From Fan of Blue to Director at Universal Music
“I have always been a music lover. My first contact with the recording industry?
As a young girl. I was a fan of Blue and active in the first online forums.
Thanks to this personal passion, I had the chance to come in contact with the band’s record company, EMI. And from there I said to myself: I have to do this for a living.”
Eleonora Bianchi, 34, did just that. Today she is Digital Service & Consumption Director at Universal Music Italia, where she is in charge of all digital activities: from handling the supply chain to promoting content on platforms such as Spotify or YouTube. Bianchi is someone who never wanted to give up her childhood dream. After her attending a high school with a focus on classical studies (Liceo Berchet), she decided to enroll at Bocconi. “I’ve always had a strong affinity with numbers and analysis, so economics seemed like a good choice, even though I had always hoped to get into the music industry.” But this goal had become more difficult because of the crisis in the sector, and EMI was being bought by Universal.
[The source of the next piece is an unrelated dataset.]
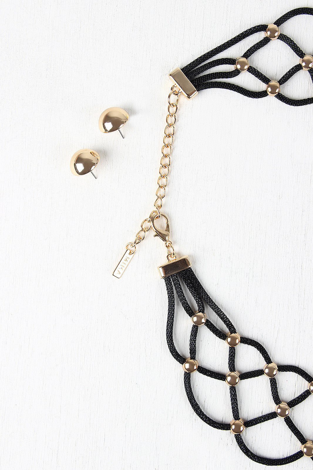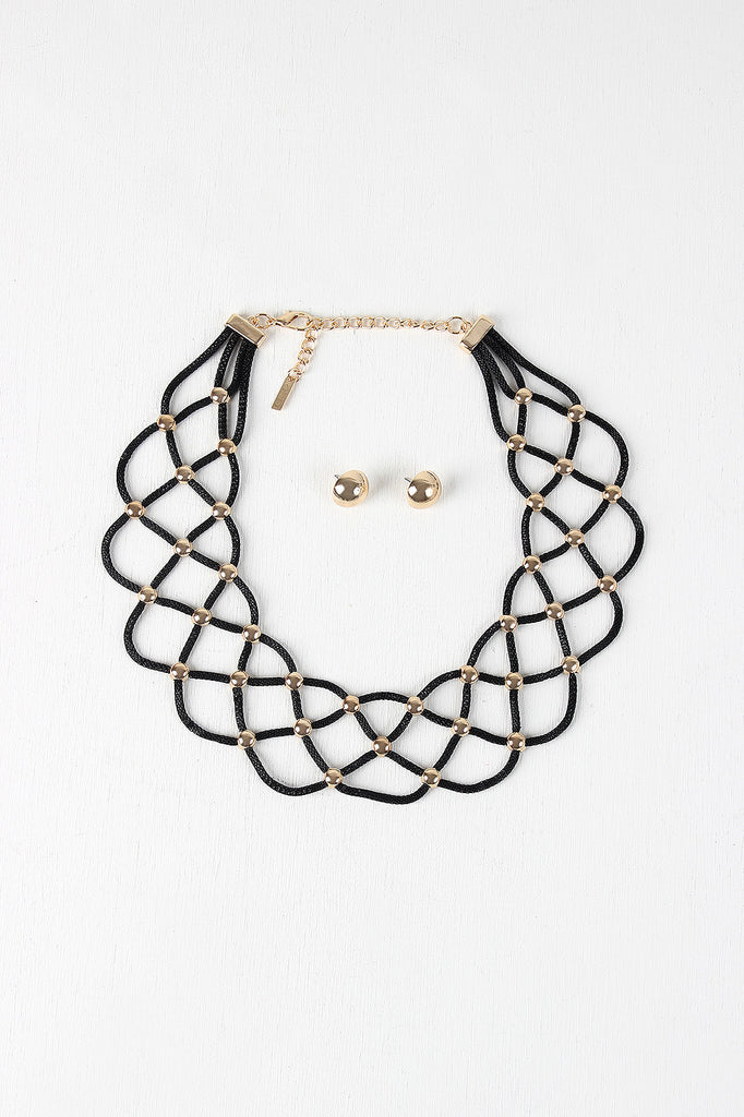 This statement necklace features strands of mesh tube chain sectioned into a lattice pattern and pinned in place with glossy round studs. Necklace is finished with adjustable lobster hook closure and matching earrings. Lead and nickel compliant.

Here are her words: “The people I met [at EMI] told me that there was no room for an intern, no matter how good. So I threw myself into my other skills. I joined KPMG with an internship in auditing. A very useful experience for the work I do now.” But Bianchi knew that this was not her path or her world. She says with a smile:
“I used to take off my suit and go to concerts in tennis shoes, [KPMG] was definitely not
my scene.”
Still looking for her career path, Bianchi explored another option in 2014 with an internship at Allianz Group in Munich, Germany. “I was looking at new areas where the company might be interested in investing from an insurance perspective. I was doing research, which was interesting because I was studying and analyzing trends and markets in an almost academic way,” she adds. For Bianchi, working with data, figures, and predictive models is stimulating. What’s more, her stint in Germany was an opportunity to learn the language and to work side by side with her manager. “I remember that at the end of the internship he said to me very frankly: ‘Eleonora, you want to work at a record company, right? Why don’t you go for it?’”
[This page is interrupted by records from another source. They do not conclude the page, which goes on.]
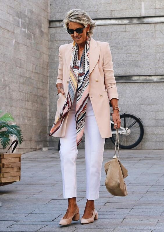 Первое, что хотим сказать - вы уже на полпути к успеху в составлении стильных образов, так как читаете статьи про стиль! К сожалению, много женщин за бытовой суетой просто не успевают уделять этому время, или же просто не хотят. Но мы не такие! Мы помним о себе любимой и готовы узнать, что: 1. Отдавайте предпочтение более светлым оттенкам, ведь именно светлые оттенки подсвечивают лицо и делают нас моложе, а темные же, наоборот, подчеркивают любые несовершенства кожи. А еще светлые оттенки смотрятся элегантней и дороже. 2. Будьте очень осторожны с цветочным принтом. С возрастом его все сложнее и сложнее стилизовать так, чтобы он не прибавлял возраста и не превращал нас в боярыню. Если любите цветочный принт, то лучше размещать его в нижней части комплекта, например на брюках. 3. Носите брюки, пожалуйста! Они всегда выглядят очень стильно и это невероятно удобно. Если вы заметили, то большая часть образов из нашей подборки именно с брюками. 4. Пусть в вашем гардеробе будет минимум 1
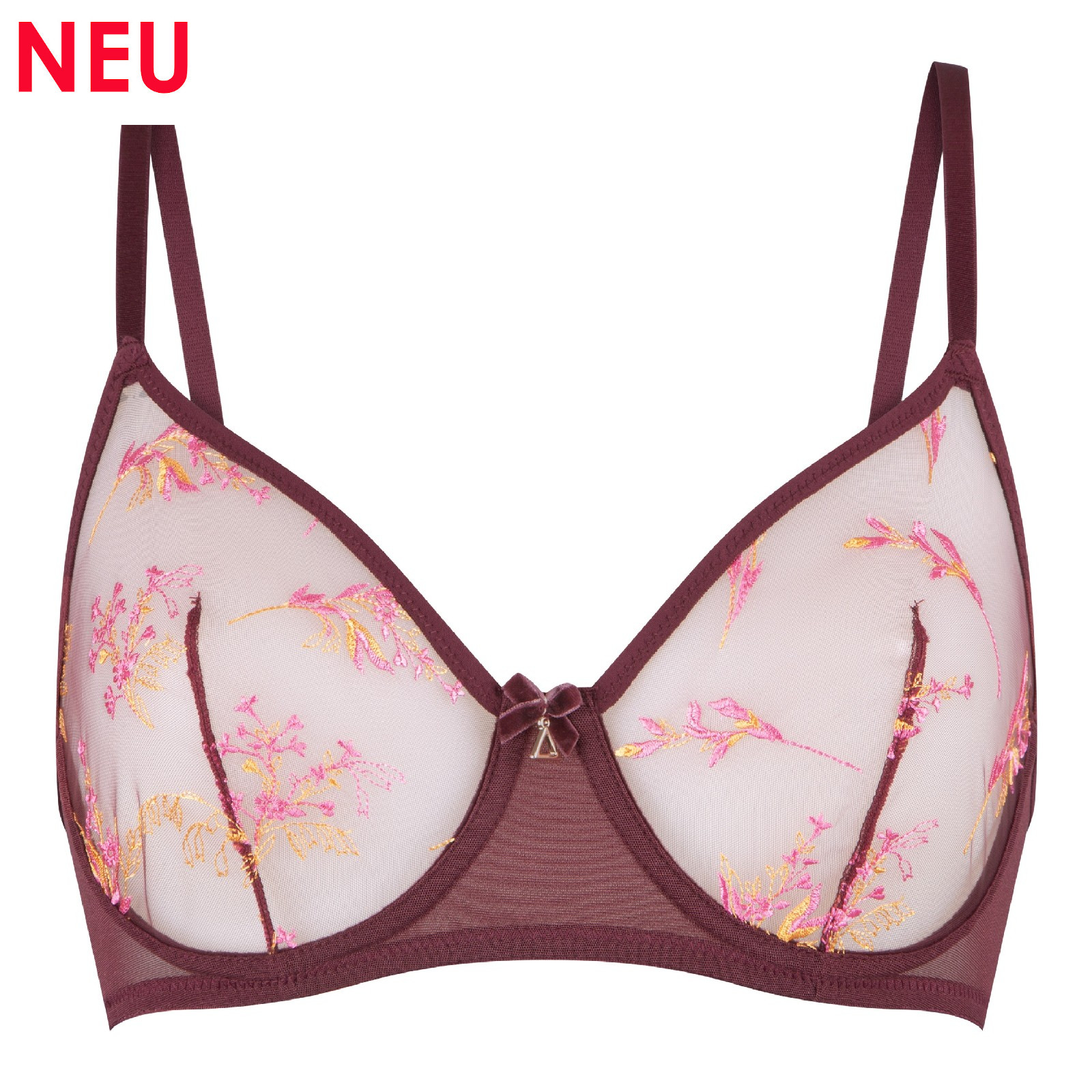Hauchzarter weinroter Tüll mit exklusiver Blütenstickerei in Pink und Goldgelb!
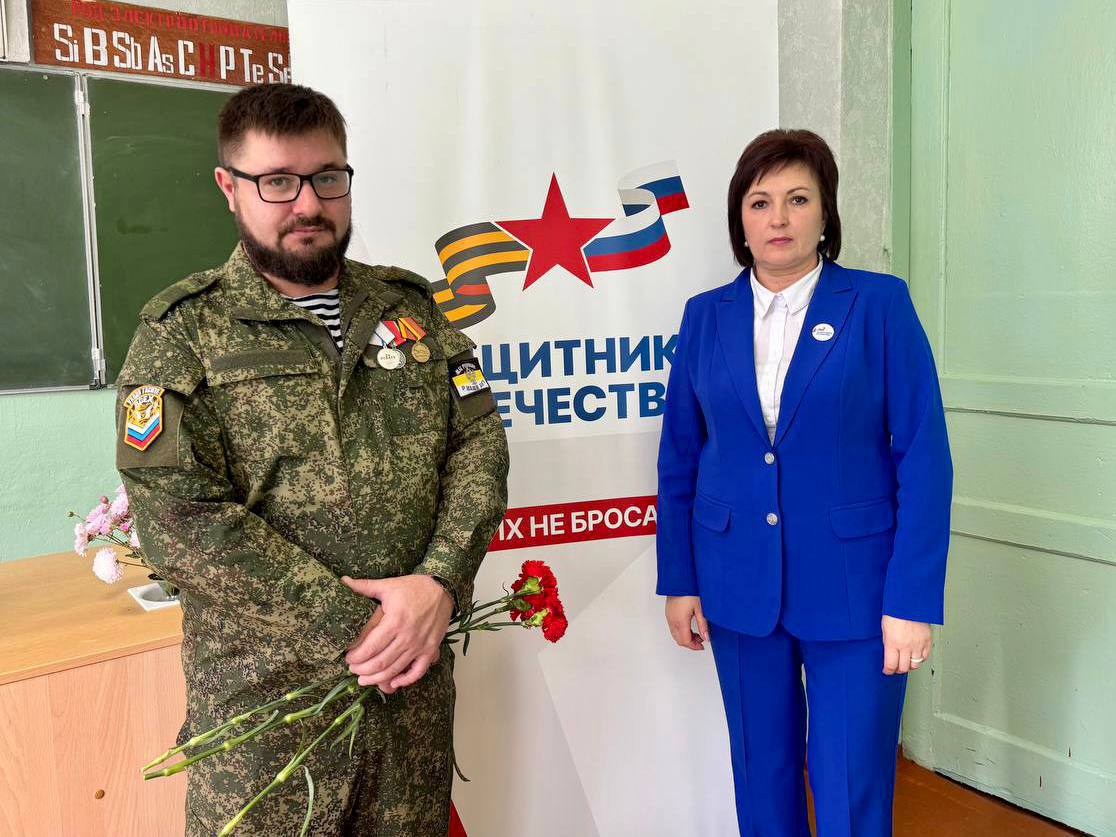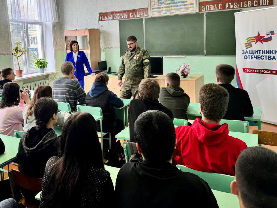 Ветеран поделился с подрастающим поколением своими воспоминаниями о воинской службе и боевом пути, о трудностях и риске, с которыми сталкивался ежеминутно, о быте в условиях специальной военной операции, о чувствах патриотизма и гордости за страну.

From that conversation, and from her experience in Germany, where Spotify was gaining ground, Bianchi was inspired to write her final university thesis on streaming as a disruptive technology.
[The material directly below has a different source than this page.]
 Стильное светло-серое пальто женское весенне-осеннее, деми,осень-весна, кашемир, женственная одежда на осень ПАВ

“So, for the thesis, I reached out to my contacts at EMI for an interview that, ironically, took place in what is now my office. They told me about the possibility of an internship.
I couldn’t believe it!”
Four years later, thanks to her expertise in streaming and data, she is in charge of Universal Music’s entire digital team, which now numbers 18 people. “I always say I was in the right place at the right time, but without solid skills I wouldn’t have gotten anywhere, also because in the industry there are not many women at the top and not many young people. I was lucky to find an environment where there was a lack of digital skills and where my skills were a lever for innovation,” she concludes.